Flash forward to 2001, however, and the situation was very different.
This was the year that the country’s megalomaniac leader Saparmurat
Niyazov a.k.a. Turkmenbashi published his Ruhnama (”Book of the
Soul”), a rambling concoction of autobiography, bogus history, moral
platitudes and appalling poetry. The Ruhnama soon became (literally)
required reading as schoolchildren, university students, government
workers and anyone planning to take his driver’s test had to prove their
knowledge of the gibberish between its covers. It was displayed
alongside the Koran in mosques; it was launched into space. Read it
three times and you were guaranteed entry to Paradise; criticize the
book and you’d spend five years in jail.

In spite of all his success, Turkmenbashi remained jealous of literary
rivals. New books by authors popular under the Soviet regime went
unpublished, while their older works were available only second hand.
Anyone who tried to circumvent these restrictions landed in hot water.
For instance, Rahim Esenov the author of 30 books during the Soviet
era was forced to publish his three-decades-in-the-making historical epic
The Crowned Wanderer in Moscow in 2003; when he attempted to
smuggle 800 copies into Turkmenistan he was accused of “inciting
hatred” and placed under house arrest. International pressure got him to
New York to receive the PEN “Freedom to Write” award in April 2006, but
his book remained banned at home.

In February 2006 meanwhile Turkmenbashi declared war on authors of
the past: “Nobody reads books, people don’t go to libraries,” he
declared. “Central and student libraries will remain; the remainder need
to close.” But the war on reading had begun much earlier, specifically in
1993 when Turkmenistan had switched from the Cyrillic to the Latin
script. At a stroke, all new books were rendered inaccessible to the older
generation, while older books became inaccessible to the younger
generation. And with Russian language education on the decline, books
in that language were increasingly indecipherable. The nearly five million
Turkmen were left with the solipsistic ramblings of their “father”—who
continued to churn out volumes of poetry, history and even a sequel to
the Ruhnama before he died in December 2006, only to be replaced by
his personal dentist, Gurbanguly Berdymukhammedov.

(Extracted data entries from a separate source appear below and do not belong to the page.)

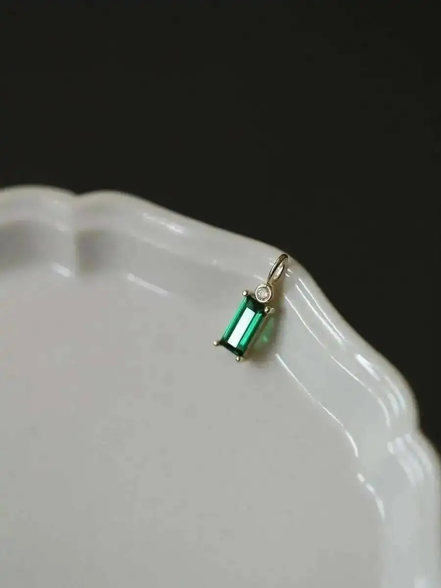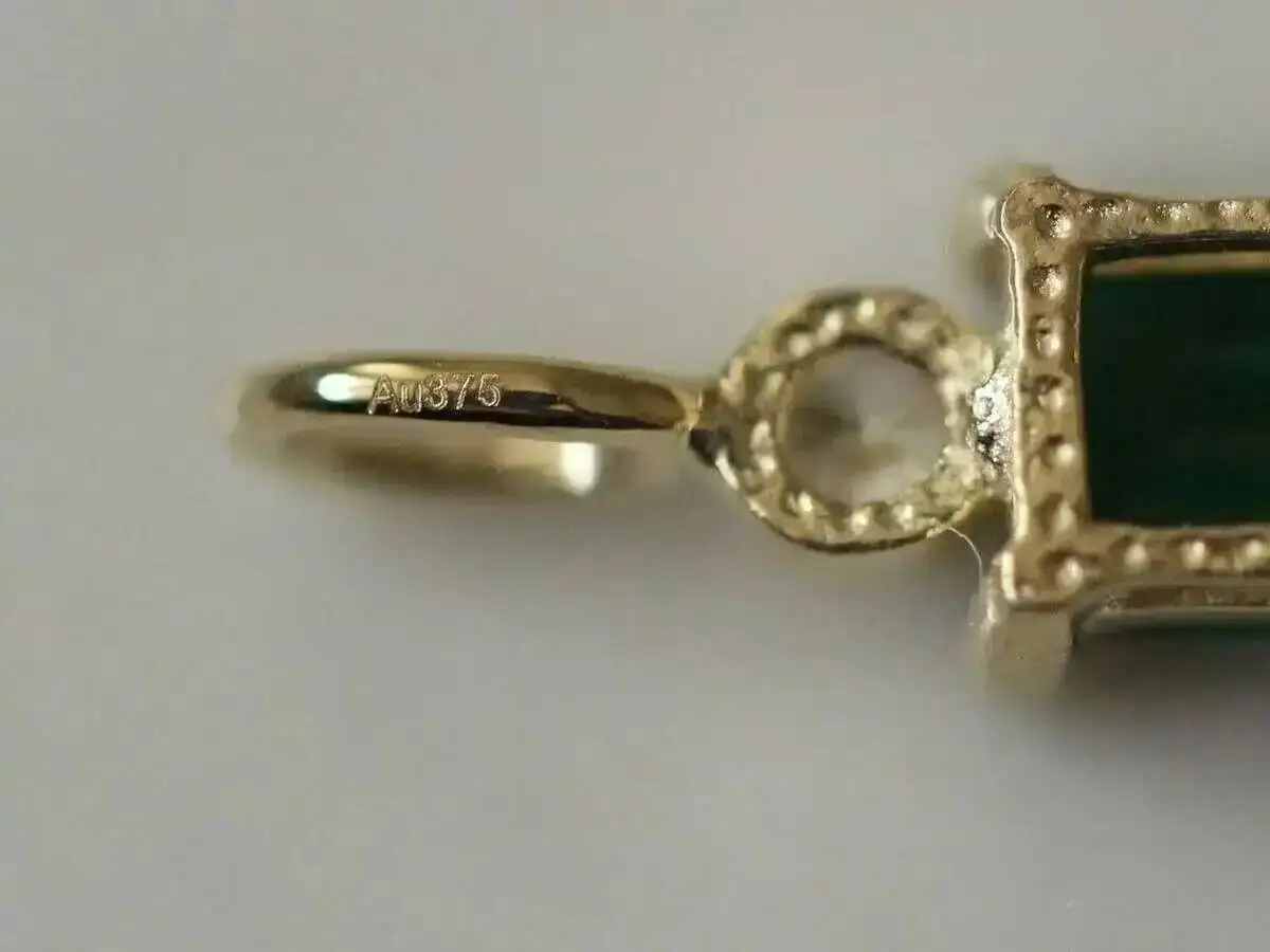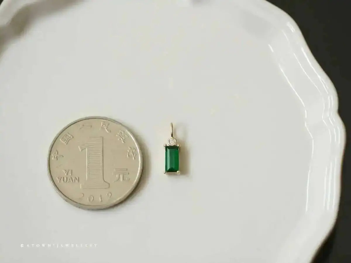 GOLDtutu Pure 9K Gold Necklace Pendant for Grandmother Green Rectangular Diamond, Mini Temperament Retro, kj450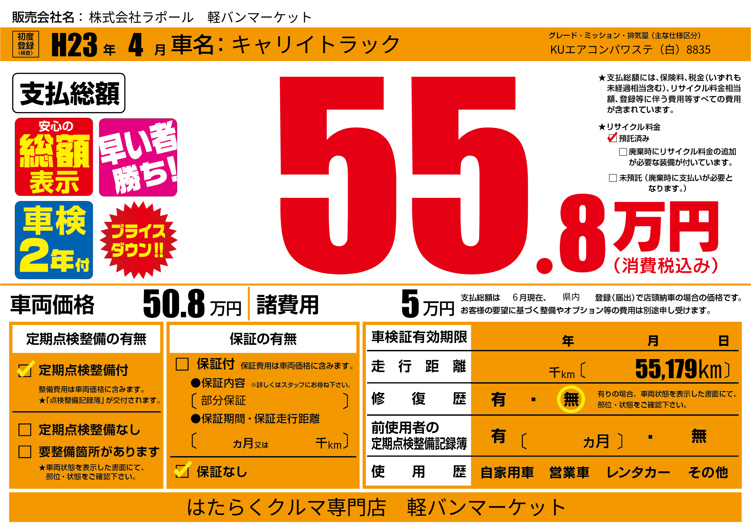 | 走行キロ | - | 初年度登録 | H23年4月 |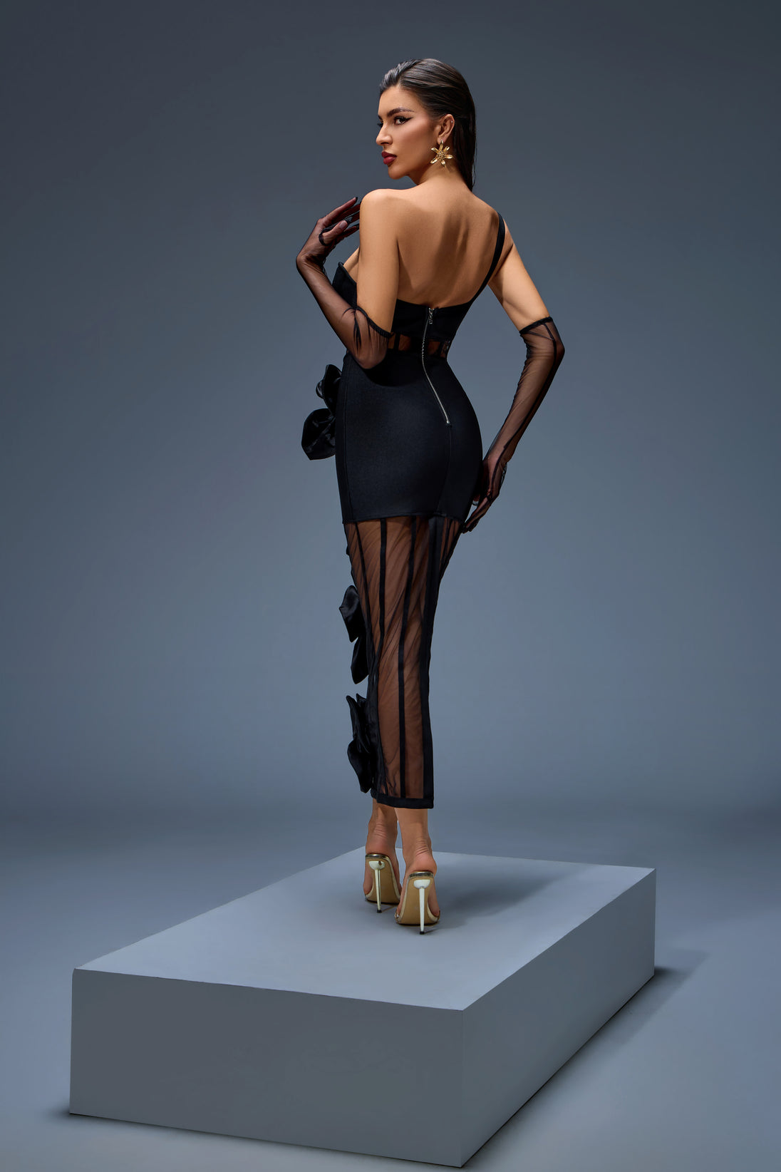 Sculpted to perfection, this corset dress is enhanced with artistic 3D flower detailing, offering a sophisticated yet modern aesthetic.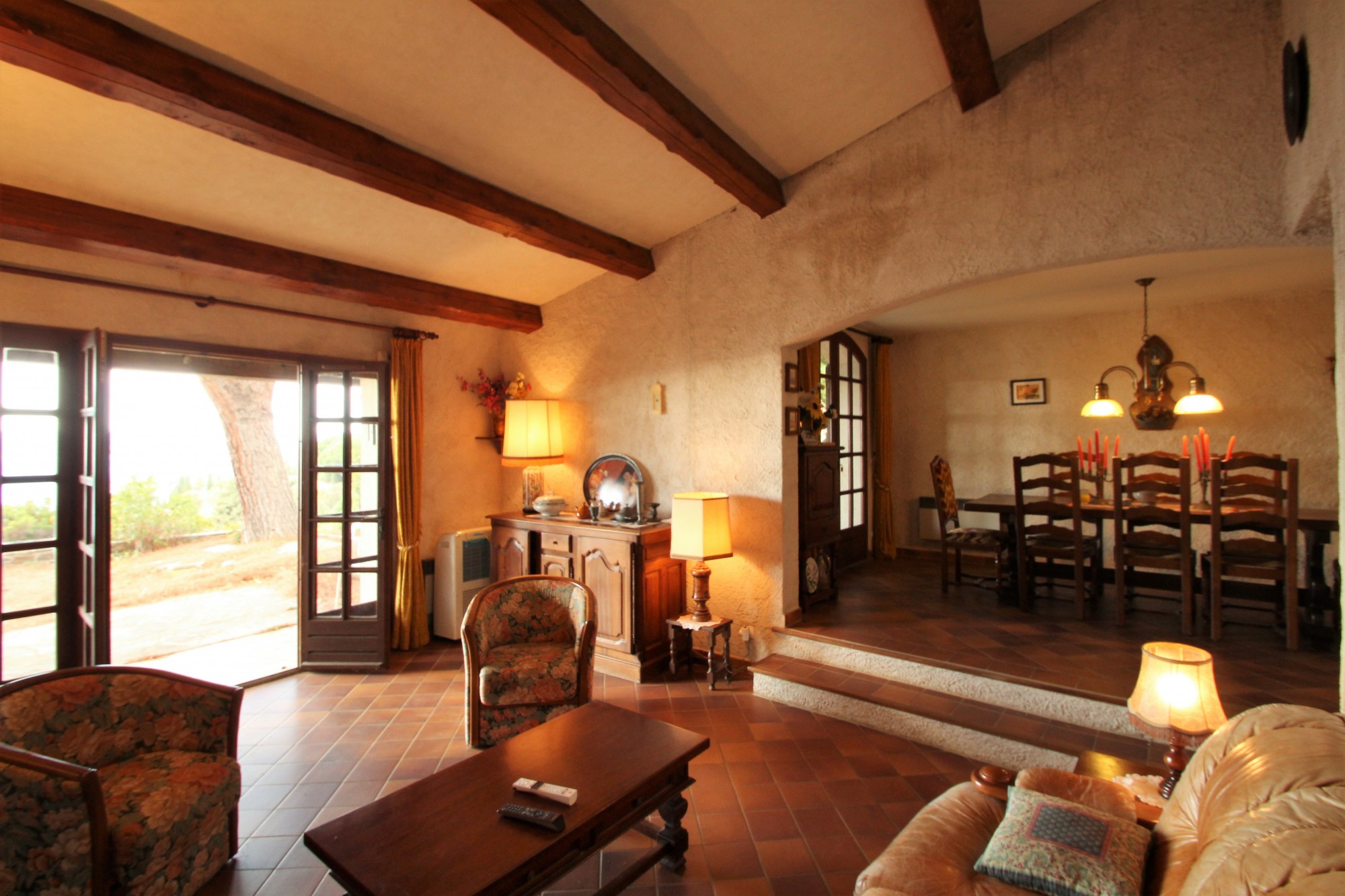 - au rez-de-chaussée:une cuisine ouverte sur une grande salle à manger, un spacieux salon avec cheminée, une chambre donnant sur la terrasse vue mer et salle de bains privée.

Since then Turkmenistan has remained an isolated totalitarian state, and
without a raving megalomaniac to attract international attention, media
reports on the country are rarer than ever. This September, however, a
Turkmen delegation attended the Moscow International Book Fair for the
first time in fifteen years, a striking development considering the cultural
apocalypse that was raging only three years ago. State media reported
optimistically on what was achieved:

“For the first time in a long time, the Turkmen publishers reminded the
Russian publishing market of their existence. They did it not as timid
beginners, but as having a status of worthy holders of advanced
technology able to handle the most complex orders.”

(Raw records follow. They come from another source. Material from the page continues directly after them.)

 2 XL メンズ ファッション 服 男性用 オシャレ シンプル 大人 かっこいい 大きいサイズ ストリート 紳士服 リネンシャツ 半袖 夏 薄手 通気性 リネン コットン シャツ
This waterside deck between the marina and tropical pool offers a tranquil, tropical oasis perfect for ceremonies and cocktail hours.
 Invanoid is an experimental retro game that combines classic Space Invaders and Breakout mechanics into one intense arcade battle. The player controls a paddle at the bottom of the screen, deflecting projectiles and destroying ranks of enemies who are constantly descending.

Breathlessly, the report continues:

“It’s not a secret that even relatively recently, leading publishing powers
perceived Turkmenistan as a backward province of the printing industry.
The Turkmen publishers’ resumed participation in the imposing
international forum flatly refuted the long-standing stereotypes. Using the
language of dry statistics, the Turkmen State Publishing Service
exhibited more than a hundred titles on a wide thematic range. The
Turkmen printed products attracted visitors by their brilliance and superb
publishing execution.”

Indeed, the nation stands on the threshold of a bold new era:

“…the current publishing capacity of Turkmenistan allows the country not
only to supply fully all schools with textbooks, annually printing up to
130,000 copies, but also to offer its printing capacity to neighboring
countries to fulfill orders for big circulations of book products. Today,
Turkmenistan is ready to serve as a major international and regional
publishing center.”

Most excellent! The renaissance continued within Turkmenistan three
weeks later, as Ashgabat hosted its fourth International Book Forum
between the 28th and 30th of September. Stirringly titled: “A Book—the
Way to the Cooperation and Progress” this event was attended by 74
delegations from nearly 30 countries, and although the emphasis was on
Russian publishers and countries from the Economic Cooperation
Organization (established in 1985 by Iran, Pakistan and Turkey for the
purpose of promoting economic, technical and cultural cooperation
among the member states), there were still some surprises—for the first
time ever, Australian delegates visited Turkmenistan:

“One could see how high became the professional attitude of foreign
colleagues to the possibilities of the Turkmen publishers. Today,
specialists of the global publishing business tend to treat their Turkmen
colleagues as partners worthy of respect; together with them one can
address the most complex tasks…. on the hospitable Turkmen seashore
of books the publishing business is becoming larger in scale, not falling
behind the global trends, and keeping up with the advanced
technological innovations.”

Poorly translated propaganda aside, the mere fact that such an event is
being held at all inside Turkmenistan is a sign of progress. But the
publishing situation remains far from rosy. In July the dissident site
Chronicles of Turkmenistan reported:

“The Turkmenistan population can only be termed a reading nation by a
stretch of the imagination. The number of book stores can be counted
on one hand. In large cities there are about 2-3 bookstores, whereas
there are none in towns and urban settlements not to mention the
villages.”

The purported success of the book fair also masks a bleak reality
unchanged since Niyazov’s day. According to Kumush Ovezova:

“Over 18 years of independence in the country, no single work of belles-
lettres of contemporary Turkmen authors has been published. Many
national authors continue to work but their works remain unpublished. All
their efforts to get through to the readers are hopeless.”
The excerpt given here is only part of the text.